+ 15 +

10K 1K 14
                                    

Adrian mengabaikanku lagi. Tak mau memandangku. Tak mau bicara denganku. Tak mau berpapasan denganku. Dia berhasil membuat seorang Amanda Clarissa yang tangguh jadi lebih sering menangis daripada tertawa. Aku lelah dibeginikan. Tapi aku juga tidak mau melepaskan dia dan pergi begitu saja. Tidak setelah aku tahu bagaimana dia merespon setiap sentuhanku. Dia pun pernah berkata bahwa dia mau mencoba.

Oh God what should I do?

"Jangan ngelamun. Ketabrak troli lo ntar,"

"Eh,"

Aku menoleh dan ternyata sebuah troli berisi barang baru melewatiku. Jane berdiri di samping sambil berkacak pinggang.

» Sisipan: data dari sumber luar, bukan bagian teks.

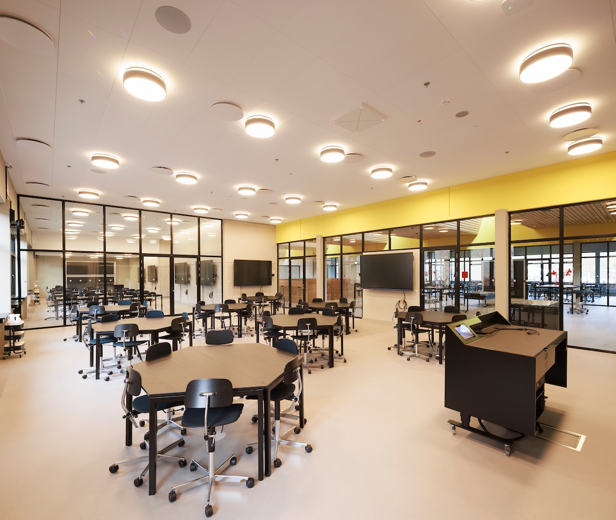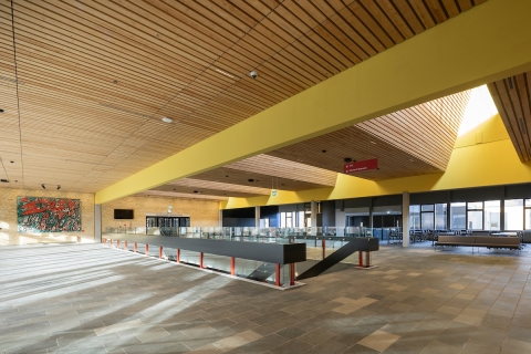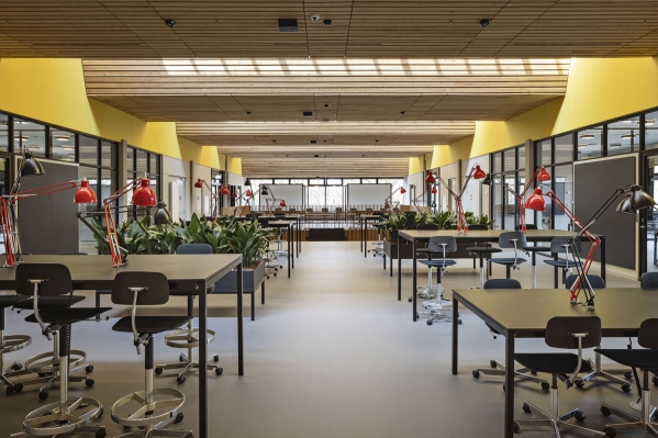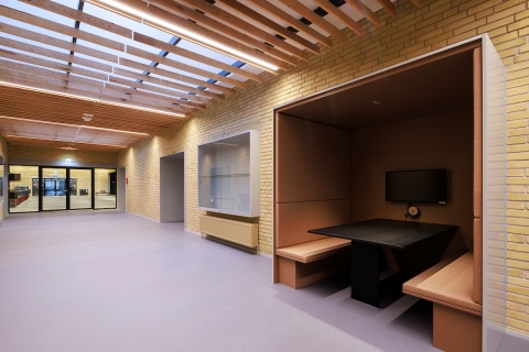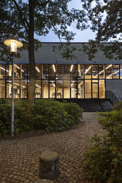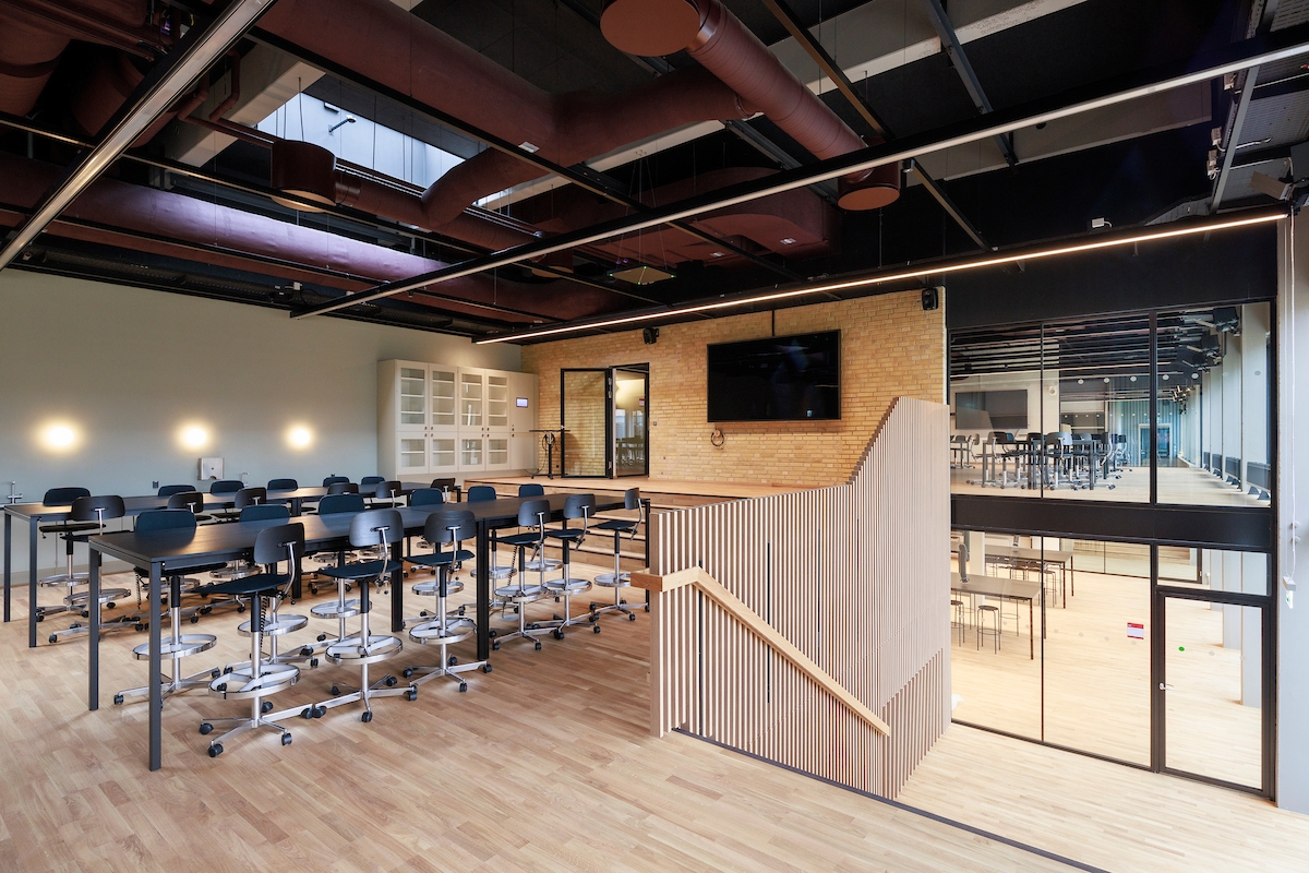 A redesigned layout offers spaces for both formal and informal learning, enhanced by masterfully integrated daylight and artificial lighting. New ceiling openings bring light to the building's core. Glass facades and interior divisions that provide new views and access, are supplemented sensitively by artificial lighting, that optimizes conditions for time of day and varied study situations.

"Mikirin Adrian lagi? Udah deh,"

Jane sudah kuceritakan tentang kejadian di Bandung. Dia kembali mengumpat Adrian berkali-kali.

"Gimana ya Jane..."

"Lupain dia. Lupain! Cari cowo lain. Anak IT yang gue bilang dulu itu nanyain lo. Gue kasih nomer telepon lo ke dia ya."

"Eh apaan sih?"

"Done," Jane memperlihatkan layar iPhone-nya. Disitu terlihat bahwa dia baru saja mengirim kontak Amanda Clarissa kepada seseorang bernama Teddy.

"Eh Jane ah,"

"Udah. Biar lo gak mikirin Adrian mulu."

"Gue gak mikirin dia," sanggahku. Iya bohong besar. Gimana gak mikirin kalau setiap di kantor selalu ketemu? Sekarang pun project yang kami kerjakan bekerja sama dengan dia.

"Bagus. Sekarang mending lo bantu gue buat arrange dekorasi dan ngobrol sama vendor."

"Iya,"

Aku mengikuti Jane menemui vendor. Hari ini kami sedang bersiap-siap untuk acara penutupan project Divisi Marketing lainnya. PIC Project ini Jane dan Satrio. Tapi karena aku masih satu tim dengan Jane, jadi aku juga banyak membantunya. Sebagai atasannya Satrio, maka Adrian juga ada disini. Di ruangan yang sama.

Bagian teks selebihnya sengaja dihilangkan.